Коллонтай была светская женщина с хорошими манерами, очень нарядная и изящная. У нее была маленькая белокурая головка, тонкий профиль, милая, приветливая улыбка. Она была очень занята собой, отлично причесывалась и одевалась, что тогда было в. кругах передовых редкостью. Из писательниц хорошо одевалась только Зинаида Гиппиус. Но Гиппиус моды не признавала, сама для себя ее выдумывала, а Коллонтай была модница. Когда она с трибуны произносила марксистские речи, контраст производил эффектное впечатление. Смолоду она училась петь, собиралась стать певицей, как ее сестра, известная певица Мравина. Ее хорошо поставленный, приятный голос ей очень помогал на митингах. Она была ловким митинговым оратором, без своих самостоятельных мыслей, но с большим запасом готовых марксистских истин и изречений, которыми она умело пользовалась. Помогали ее успеху и ее красота, ее нарядность. Даже противникам было приятно смотреть на эту хорошенькую даму, на ее стройную, тонкую, мастерски одетую фигурку, на ее обдуманные жесты и милую улыбку, которой она приправляла свои призывы к классовой ненависти.

Наши стычки с с.-д., наши с ними споры носили еще довольно безобидный характер, по крайней мере с нашей стороны. С.-д. было мало, влиянием они не пользовались, но противники они были ядовитые, в средствах неразборчивые. Не берусь судить, развивала ли в них злобу теория классовой борьбы или в эту теорию верят только те, в ком от природы заложена злая потребность разводить в себе не любовь к людям, а вражду? В марксистах не было русского добродушия. Сердитый это был народ. У них была неизменная, твердо выработанная тактика задирать, вносить беспорядок, передергивать чужие слова, срывать чужие собрания, не давать противнику возможности высказаться. Когда маленькая их кучка скоплялась в каком-нибудь углу, председатель собрания настораживался. Настораживался и полицейский чин, неизменно присутствовавший на публичных собраниях.

В центральных кварталах Петербурга эту обязанность часто выполнял пристав Шебеко, видный офицер, знавший лучшие времена. Он держал себя очень вежливо, старался не вмешиваться в ход заседания. Но, как только слетались с.-д., которых и мы, и он знали в лицо, Шебеко начинал нервничать. Раз на многолюдном митинге в Соляном городке, где я председательствовала, выступил какой-то товарищ в блузе и начал в довольно неприкрытой форме призывать к потрясениям, к сокрушениям, к углублению революции. В глубине зала сразу поднялась высокая фигура Шебеко:

-Госпожа председательница, прошу вас остановить Я не могу допустить таких речей.
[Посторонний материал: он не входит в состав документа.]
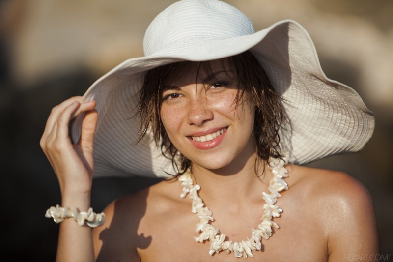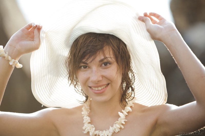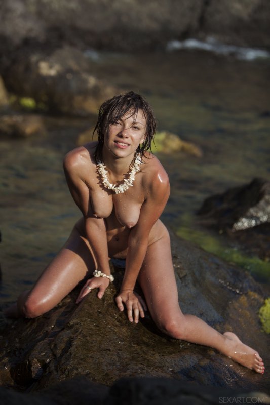 Соблазнительная девушка без комплексов разделась на пляже и обнажённая купается в море, омывая своё стройное тело солёной водой. При этом, брюнетка не стесняется демонстрировать перед фотокамерой свои прелести. Она охотно делится с нами прекрасными видами своей бритой киски, упругой груди и притягательной попки...

Я тоже встала и, обращаясь к неизвестному мне человеку в блузе, спокойно сказала:

-Господин оратор, для того чтобы мы могли продолжить обмен мнений, прошу вас быть сдержаннее и считаться с физическими условиями, в которых происходит наше собрание.

Шебеко вскочил и взволнованным, резким голосом заявил:

-Объявляю собрание закрытым.

Спорить было бесполезно. Приходилось подчиниться. Публика, которая только что разлакомилась и ждала занятных схваток между кадетами и марксистами, начала нехотя расходиться, довольно громко поругивая полицию. Ответственная устроительница митинга, на чье имя была записана зала, спросила Шебеко, почему он так круто закрыл собрание?

- Помилуйте, - сказал он обиженно. - Госпожа Тыркова тактичная, так умело ведет заседания, что я всегда спокоен, когда она председательствует. И вдруг она меня назвала физическим условием? Меня, представителя власти? Разве это допустимо?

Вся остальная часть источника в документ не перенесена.